■ **What the task asks**
An exact copy of the listing below is the answer, with the pictures removed.

■ **Recorded data**
--- START ---

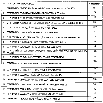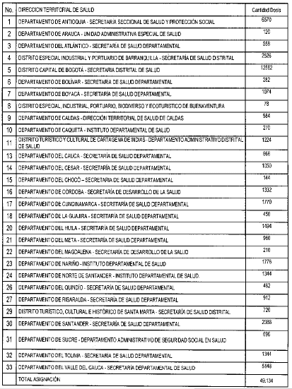Artículo 2o. Asignación de vacuna para garantizar la segunda dosis al personal que recibió la primera dosis producto de la distribución realizada mediante Resolución número 168 del 16 de febrero de 2021. Asignar 49.134 dosis de la vacuna contra el Covid-19 entregadas por el Fabricante Pfizer Inc y BioNTech el 3 de marzo de 2021, a los departamentos y distritos que se señalan a continuación, las cuales deben ser aplicadas al talento humano que fue beneficiado por las vacunas distribuidas en el marco de la Resolución número 168 de 2021:
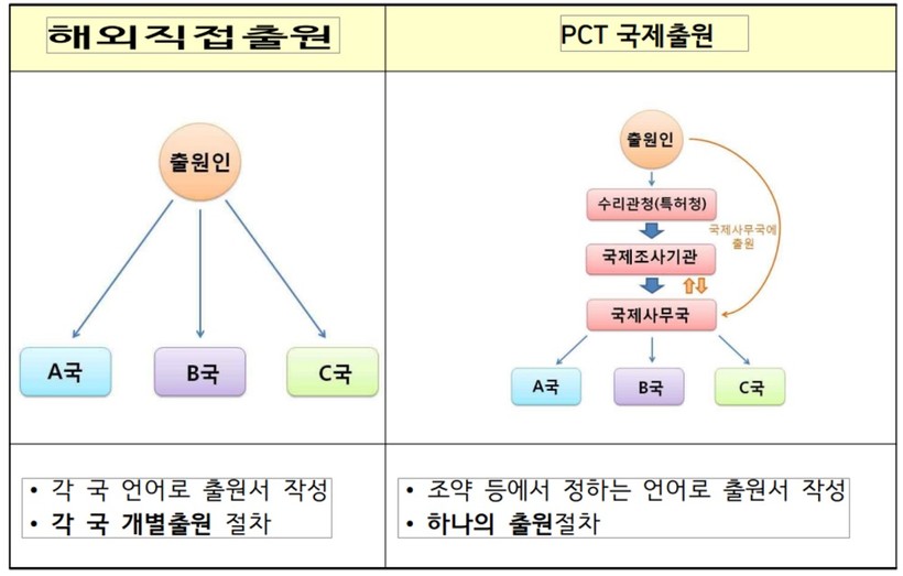 | ▲해외 ‘직접 출원’과 ‘PCT 출원’ 절차 비교. (사진=특허청) |
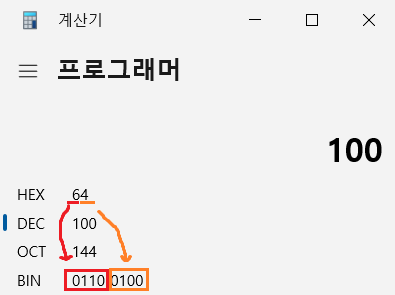 ※ 2진법으로 표현된 숫자를 4개씩 끊으면 16진법으로 빠르게 변환할 수 있다.
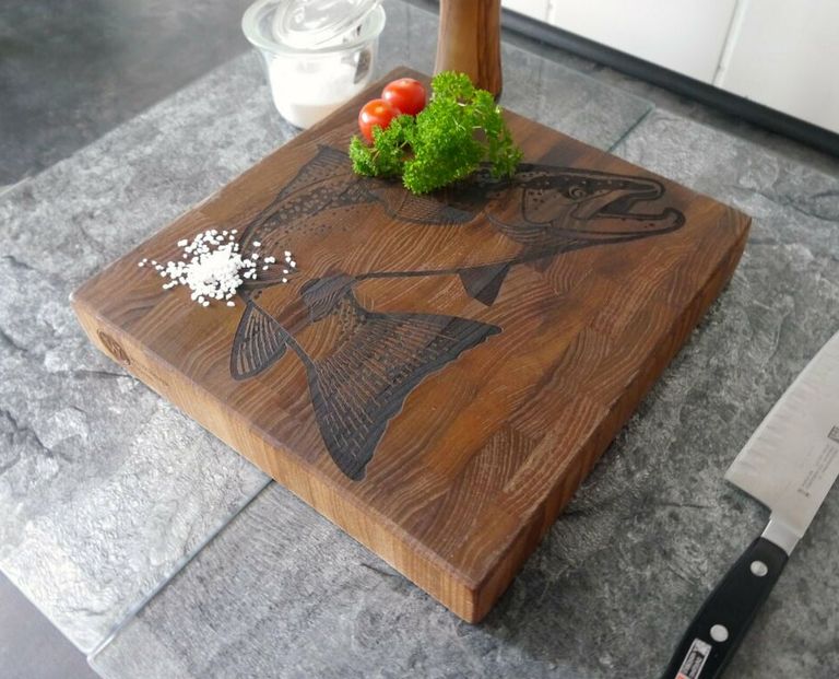 Massives Holzschneidebrett aus Thermosespe (Wandvertäfelung), handgefertigt, ca.-Format: L 310 x B 270 x H 45 mm - inkl. Lasergravur mit schönem Anglermotiv (Lachs)! € 95,00

--- END ---

■ **Exercise result**
Artículo 2o. Asignación de vacuna para garantizar la segunda dosis al personal que recibió la primera dosis producto de la distribución realizada mediante Resolución número 168 del 16 de febrero de 2021. Asignar 49.134 dosis de la vacuna contra el Covid-19 entregadas por el Fabricante Pfizer Inc y BioNTech el 3 de marzo de 2021, a los departamentos y distritos que se señalan a continuación, las cuales deben ser aplicadas al talento humano que fue beneficiado por las vacunas distribuidas en el marco de la Resolución número 168 de 2021:
 | ▲해외 ‘직접 출원’과 ‘PCT 출원’ 절차 비교. (사진=특허청) |
 ※ 2진법으로 표현된 숫자를 4개씩 끊으면 16진법으로 빠르게 변환할 수 있다.
 Massives Holzschneidebrett aus Thermosespe (Wandvertäfelung), handgefertigt, ca.-Format: L 310 x B 270 x H 45 mm - inkl. Lasergravur mit schönem Anglermotiv (Lachs)! € 95,00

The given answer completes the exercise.